**Extracted entries:**
• • • • •
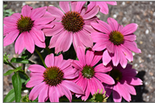
PowWow Wild Berry Coneflower flowers
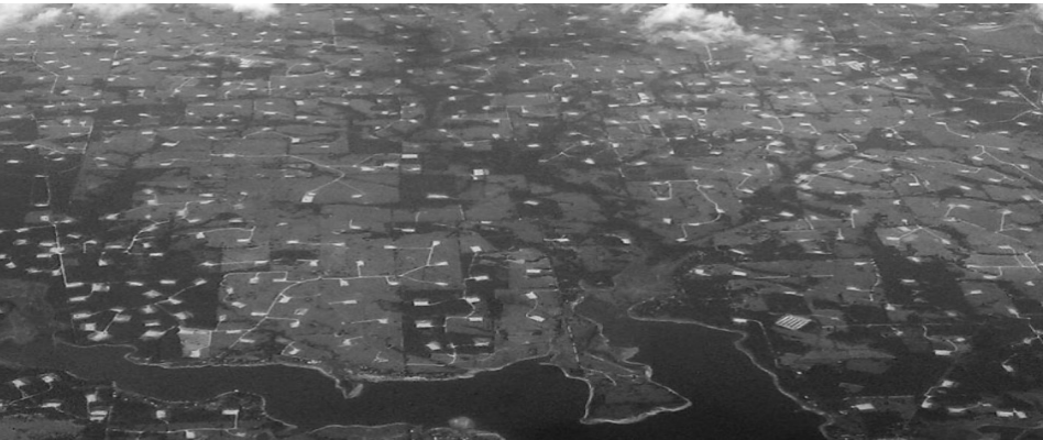
Aerial photograph showing the results of a widespread unconventional drilling campaign on Texas. Photo shows well pads, roads and pipelines, taken by Amy Young 2013.

Although Tag has interest in conventional and unconventional production, they recently raised twenty-five million dollars in finance, employed two US fracking experts and reported; with 2,720,358 acres to prospect Tag Oil is anticipating a "widespread unconventional drilling campaign."
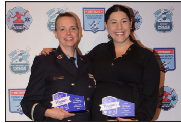
Women In Blue May 18, 2023 MGM Grand Detroit
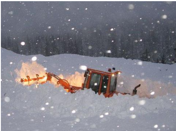
Region 5 U.S. Hwy. 160 west of Wolf Creek Pass

Chief Engineer CDOT 4201 East Arkansas Avenue Denver, Colorado 80222
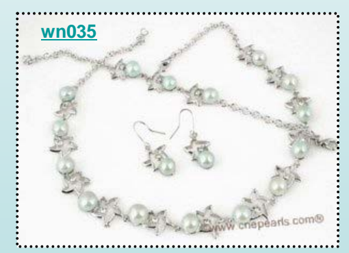
Star pattern CZ valentine's necklace set with blue bread pearl

The 16-inch classic blue pearl necklace, 7-inch blue pearl bracelet and matching blue pearl dangle earrings for pierced ears feature 8-8.5mm blue freshwater bread pearl set
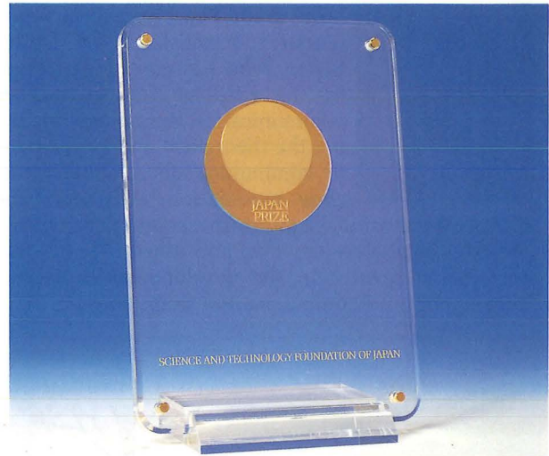
The Commemorative Medal designed by Yusaku Kamekura

February, this year, and the selection of two nominees were confirmed.
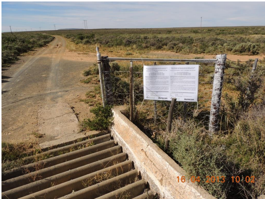
Site notice placed on the gate (30°35'56.32"S; 24° 2'32.58"E)
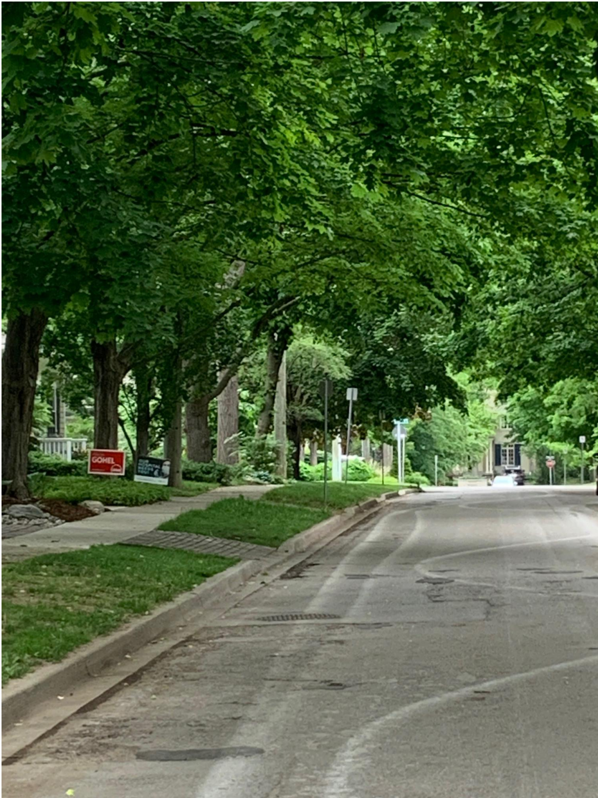
Mature Tree Canopy Along William Street
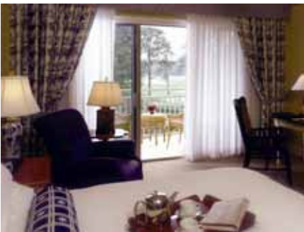
Inn room and exterior
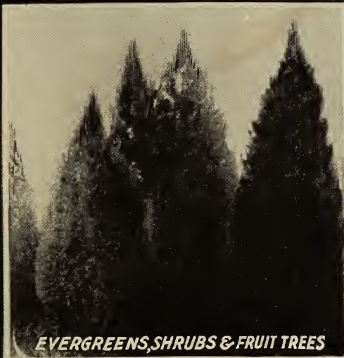
EVERGREENS, SHRUBS & FRUIT TREES
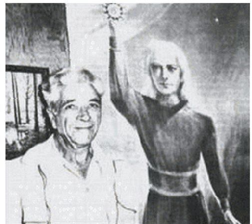
George Adamski, standing by a painting of one of his "contacts" from Venus

Together we left the lobby, I walking between them. About a block north of the hotel, they turned into a parking lot where they had a car waiting. They had not spoken during this short time, yet inwardly I knew that these men were true friends. I felt no urge to ask where they proposed to take me, nor did it seem odd that they had volunteered no information. An attendant brought the car around, and the younger man slid into the driver's seat, motioning me to get in beside him. Our other companion also sat with the front seat. The car was a four-door black Pontiac sedan. The man who had taken the wheel seemed to know exactly where he was going and drove skillfully. I am not familiar with all the new highways leading out of Los Angeles, so I had no idea in which direction we were
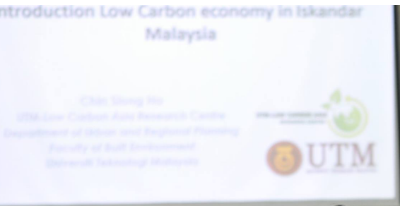
L3. Low Carbon City Development
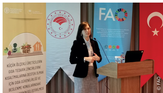
Project inception workshop held in Ankara.

While ensuring food safety, the project aims to preserve traditional production methods, promote a "safe food culture" and enhance knowledge of healthy nutrition. Additionally, it proposes a series of actions to strengthen the capacity of the Ministry of Agriculture and Forestry and to support small-scale producers in shortening their food supply chains.
• • • • •
**Activity:** Write out, exactly and with no pictures, the lines of the data from the first through the line containing "Aerial photograph showing".

**Finished task:**
PowWow Wild Berry Coneflower flowers
Aerial photograph showing the results of a widespread unconventional drilling campaign on Texas. Photo shows well pads, roads and pipelines, taken by Amy Young 2013.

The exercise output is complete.